In article <1236@nikhefh.nikhef.nl:  t19@nikhefh.nikhef.nl (Geert J v Oldenborgh) writes:
: I am curious whether any of you know why compiling certain routines with a -O 
: flag takes a semi-infinite amount of time on certain computers (Apollo DN1000, 
: Sun Fortran 1.3.1) (i.e. I killed compilation after a few hours CPU time for a 
: single routine).  The code in question is generated by a computer algebra 
: program, and looks like this
: 
:       qqgg= n1i*n2i*pbqi*ptqi * (  - 2*pnpe*pbpt**2*qk + 2*pnpe*
:      + qk*mb2*mt2 + 2*pnpb*pepb*pbpt*qk - 2*pnpb*pepb*qk*mt2 + 2*
:      + pnpb*pept*pbpt*qk + 4*pnpb*pept*pbpt**2 - pnpb*pept*qk*mb2 - 
:       ...400 similar lines...	
: 
: As a lot of the time is spent here I'd like to be able to optimize it.
: 
: Geert Jan van Oldenborgh
: gj@hep.physik.uni-muenchen.de


Geert sent me the piece of code, which was in the form of a Fortran function
without a main program.   I compiled it with the Sun f77 compiler (v 1.3.1)
and with version 2.6.3 of the Edinburgh f77 compiler, with and without the
optimization option -O.   The times taken were as follows:

   Compiler + options    Time
   f77 -c               16.1u + 1.8s
   f77 -O -c            Gave up after 37 mins. of CPU time !
   epcf77 -c             5.2u + 0.6s
   epcf77 -O -c        156.0u + 3.1s

The Edinburgh compiler certainly struggled with the 485-line function, while
the Sun compiler looks as if it was firmly stuck.

Alan Miller

jlg@cochiti.lanl.gov (Jim Giles) (05/22/91)

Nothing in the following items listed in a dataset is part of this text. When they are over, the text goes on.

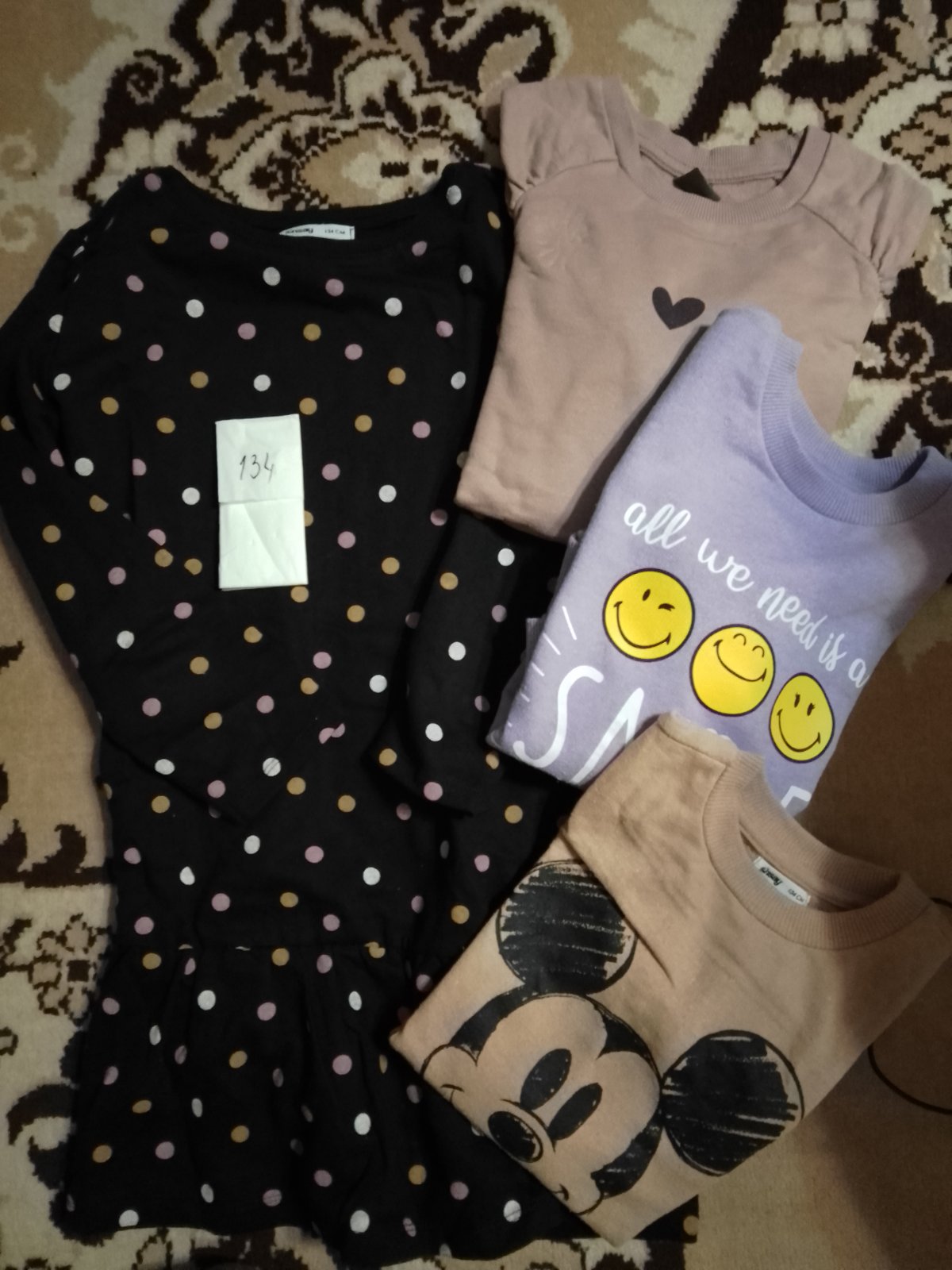 Šaty s dlhým rukávom, 2 mikiny, béžové tričko s dlhými rukávmi. Predaj možný aj jednotlivo.
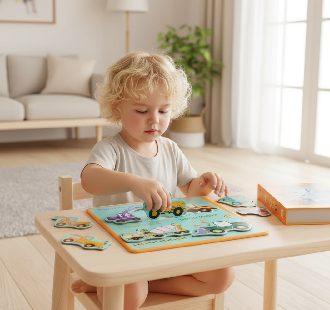 Introduce your toddler to the joy of learning with Tinkloa Puzzle Books, a magnetic experience inspired by Montessori that engages small hands, stimulates developing minds, and captivates curious spirits, whether during peaceful moments at home or exciting adventures on the move.
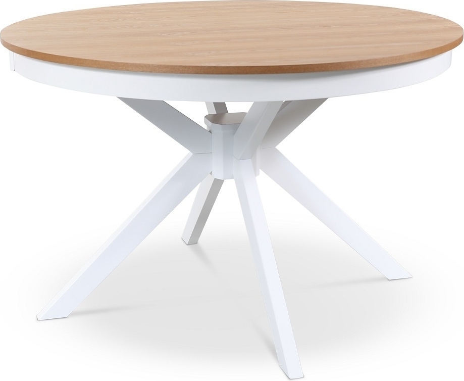 Tromsö matbord med rund snygg bordsskiva i naturfanérad ek. Vitlackat underrede.
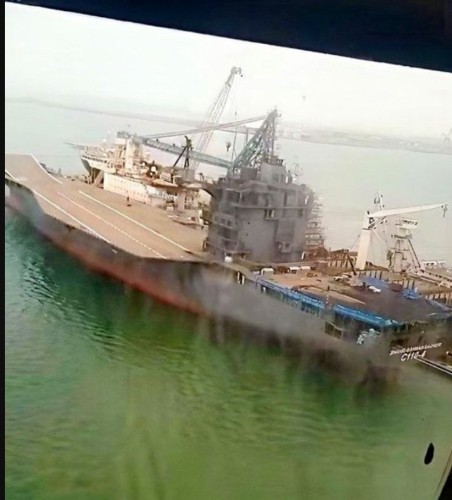Photo of Iranian Navy UAV/drone-carrier IRGC Shahid Bahman Bagheri under construction in Iran- converted from the 24-year-old container ship, Perarin.
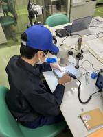 高等部1年生の家庭科で、洗濯について学習をしました。ラー油を垂らした布を水のみと洗剤入りの水につけて汚れの落ち具合を調べました。生徒からは「水だけでは汚れが落ちていない。」という声が上がり、洗剤の効果を知ることができました。
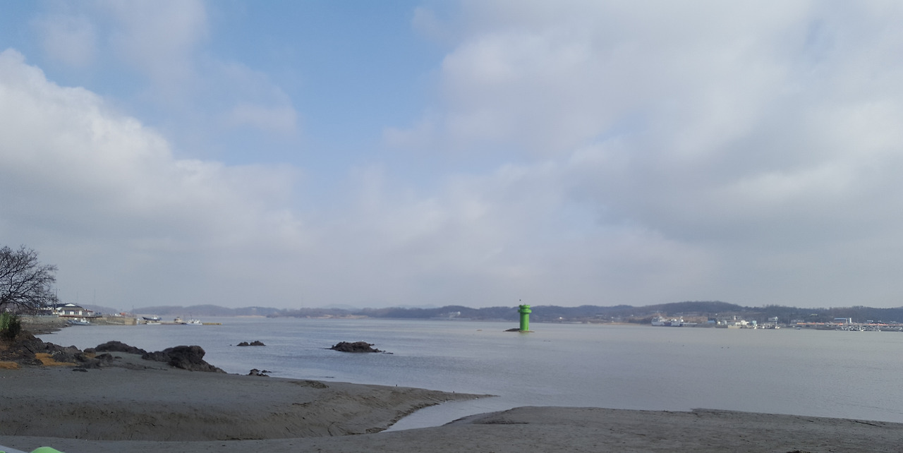 서해바다가 막 깨어난 듯 수줍게 우리를 맞는다. 돈대 옆에는 편의점이 있어 보급도 용이하다.

In article <24940@well.sf.ca.us>, rchrd@well.sf.ca.us (Richard Friedman) writes:
|> t19@nikhefh.nikhef.nl (Geert J v Oldenborgh) writes:
|> [...]                         Compilers also have to be smart enough
|> to detect that   pnpb*pept*pbpt*qk  is the same as pept*qk*pnpb*pnbt.
                              ^^^^                                 ^^^^
I assume you meant that _part_ of these expressions are the same.  If 
they were completely identical, the compiler could detect the fact with
a simple cannonical ordering on the operands (say, alphabetical on the
identifiers).  However, _partial_ commonality is an interesting exercise.
Consider (A*B*C + A*D*C + B*C*D): common expressions are A*C, B*C, A*D,
and C*D.  However, no _two_ of these are simultaneously useful as common
expressions!  Fortunately, stuff like this comes out automatically in 
the DAG construction.

J. Giles

jlg@cochiti.lanl.gov (Jim Giles) (05/22/91)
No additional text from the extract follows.